The spirit of ’76 is alive and admirable among some of school children of today, such as the 200 kids from Sizimisele Technical High School in Khayelitsha who organised themselves, hopped on trains to the city and went and picketed outside the offices of the department of education because they were sitting in classrooms without teachers.
But what is almost uniquely South African is deliberately preventing children going to school as part of the arsenal of protest when these protests have nothing to do with education. In Vuwani, it was over municipal demarcation; in Ledig, it was over electricity connections; in Masiphumelele, Cape Town, it was the arrest of a community leader; in Pietermaritzburg, it was a lack of water; in Kuruman, it was a road.
People in neighbouring African countries scratch their heads at our self-harming habit and remark that there is something lethal in the South African psyche. I have written on the wisdom of destroying property to get the attention of a tin-eared government, but many in South Africa, including even firebrand Julius Malema, leader of the unofficial opposition, find school burning “barbaric”. Malema said anger should be directed at the ANC instead, a comment which had him accused of inciting violence. The Human Rights council have pointed out that it is a fundamental interference with the rights of the child. Countless ANC and government officials have pleaded with communities to little effect.

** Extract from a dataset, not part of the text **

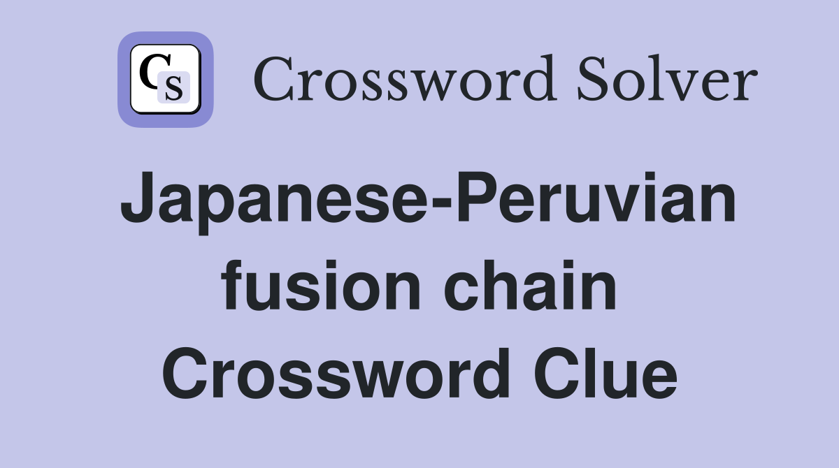 Japanese Peruvian fusion chain Crossword Clue Answers Crossword Solver

But as one protesting resident in Ward 18, Pietermaritzburg, put it, “If it means we burn the schools, we will do that with pleasure … Enough is enough.” Extreme conditions require extreme strategies say others.
Yet, there is a fatal logic at work, to a point. Schools are major public buildings, easily accessible and usually unprotected.
Involving the school has an immediate effect of involving almost everyone in the community, including those who would rather go to work, carry on their own lives, sit on the sidelines and look after number one. They find they cannot; their children’s safety and futures are suddenly tied to the demands of the community.
It would be remiss not to note that in many instances residents, teachers and parents went to schools to protect them and to plead for the school buildings to be spared.
The message is clear: the struggle continues. Liberation has not come, not even political liberation, never mind economic liberation. Protests are usually focused around community demands, but communities do not go on the rampage just because there is no water or electricity, because sanitation is poor or life is hard. South Africans are resilient and used to difficult circumstances. What usually ignites protests is a community’s loss of faith in its elected representatives or where those representatives defy the community.
More often than not, it is after years and years of failed promises made during elections, the discovery of underhand and corrupt administration, of unequal treatment, of local authorities visibly growing fatter while snubbing communities – this is what eventually leads to violent protests.
Tragically, it seems to be a failing strategy; a matter of cutting one’s nose off to spite one’s face. Government’s response is usually to deploy more police, not to fix the schools.
Around 2,600 matric students in Vuwani missed the midyear exams and over 52,000 others have been affected at the time of writing and are still without schooling. The task team government has deployed has had no effect. The generation of ’76 are meant to be in charge. The question to ask, is why are they failing on such a fundamental level?